稻瘟病菌可导致水稻和其它禾本科作物严重病害(Ebbole, 2007; Dean et al.,2012),它是一种半活体生物营养的真菌病原体,以活体营养型的形式侵入宿主细胞,并在坏死组织上生长。科研人员根据稻瘟菌的全基因组序列,确定了稻瘟菌编码大量假定的分泌蛋白(约739-2,470) (Dean et al., 2005; Yoshida et al., 2009; Choi et al.,2010)。这些分泌蛋白从功能上分为包括PWL1、PWL2 (Kang et al. 1995; Sweigard etal., 1995)、AvrPi-ta (Orbach et al., 2000)、AvrPiz-t (Li et al., 2009), Avr-Pia、Avr-Pii、Avr-Pik/km/kp (Yoshida et al., 2009)、Avr-CO39 (Cesari et al.,2013)、AvrPi9 (Wu et al., 2015)和AvrPib (Zhang et al., 2015; Zhang et al.,2018)等10种无毒(AVR)蛋白,从BAS1到BAS4的四种与生物生长相关的分泌蛋白(Mosqueraet al., 2009),MPG1 (Talbot et al., 1993)、EMP1 (Ahn et al., 2004)、MHP1 (Kim etal. 2005)、Slp1 (Mentlak et al., 2012)和MC69 (Saitoh et al., 2012)的五种致病所需的分泌蛋白,IUG6、IUG9、NUP1、NUP2、NUP3 (Dong et al., 2015)和MoHEG13 (Mogga etal., 2016)等12个抑制植物细胞坏死蛋白, SPD2、SPD4、SPD7、SPD8、SPD9和SPD10(Sharpee et al., 2016)等12个抑制植物细胞坏死蛋白, 以及MoHrip1 (Chen et al.,2012)、MoCDIP1-MoCDIP5(Chen et al., 2013), MoHrip2 (Chen et al., 2014)、MSP1(Wang et al., 2016)、MoNLP1、MoNLP2、MoNLP4 (Fang et al., 2017)和MoSM1 (Hong etal., 2017)等12个诱导植物细胞坏死蛋白。其中,许多诱导细胞死亡的效应蛋白已经被证明能引起植物的免疫反应。最近的研究发现,有几种效应细胞诱导死亡的蛋白质被认为是PAMPs。如MoHrip1, MoHrip2和 MSP1已被证明能诱导水稻防御反应(Chen et al., 2012;Chen et al., 2014; Wang et al., 2016)。

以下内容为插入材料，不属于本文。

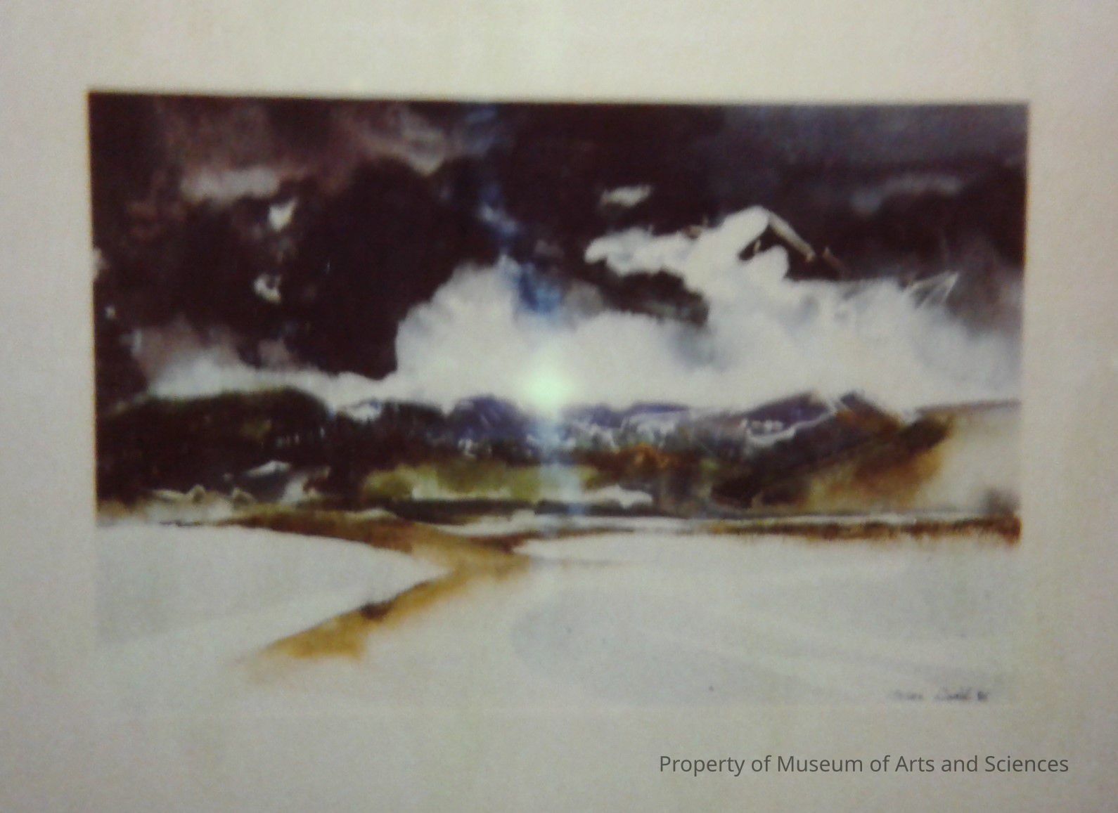 Transparent watercolor with areas of white paper showing through to give contrast and luminosity. The painting depicts a coastal land and water area, dark clouds loom above.Artwork Details
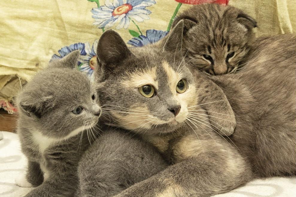 Домашняя кошка кормит дикого рысёнка — умилительные фото

MoCDIP6是从稻瘟菌鉴定到的分泌蛋白。通过体外表达、纯化MoCDIP6,喷施于水稻植株,能够诱导水稻免疫反应,同时提高水稻对稻瘟病菌的抗性。因此,该蛋白能被作为植物免疫增强剂或诱导剂,应用于生物农药配置。
发明内容
本发明的目的在于针对目前水稻稻瘟菌缺乏有效生物防治药物,提供一种诱导增强水稻稻瘟菌抗性的稻瘟菌分泌蛋白及其应用。
为解决上述技术问题,本发明采用如下技术方案:
本发明所述的稻瘟菌(Magnaporthe oryzae)菌株70-15 (Dean et al., 2005,Nature)和Guy11 (Chen et al., 2007, Mol Genet Genomics)为本实验室保存。
通过对受稻瘟菌侵染的水稻叶片做转录组分析,确定了多个在水稻中表达的编码分泌蛋白的效应蛋白,利用瞬时表达分析,确定稻瘟菌分泌蛋白MoCDIP6能诱导细胞坏死。进一步通过体外表达、纯化MoCDIP6,喷施于水稻秧苗植株,能够增强水稻对稻瘟病菌的抗性。
稻瘟菌分泌蛋白MoCDIP6的氨基酸序列如SEQ ID NO: 1所示。
稻瘟菌分泌蛋白MoCDIP6的编码基因的核苷酸序列如SEQ ID NO: 2所示。
一种重组表达载体,其含有上述稻瘟菌分泌蛋白MoCDIP6的编码基因。
进一步的上述重组载体为在pMAL-c2x载体的BamHI位点插入稻瘟菌分泌蛋白MoCDIP6的编码基因,使MoCDIP6分泌蛋白与麦芽糖标签(MBP)同框融合表达。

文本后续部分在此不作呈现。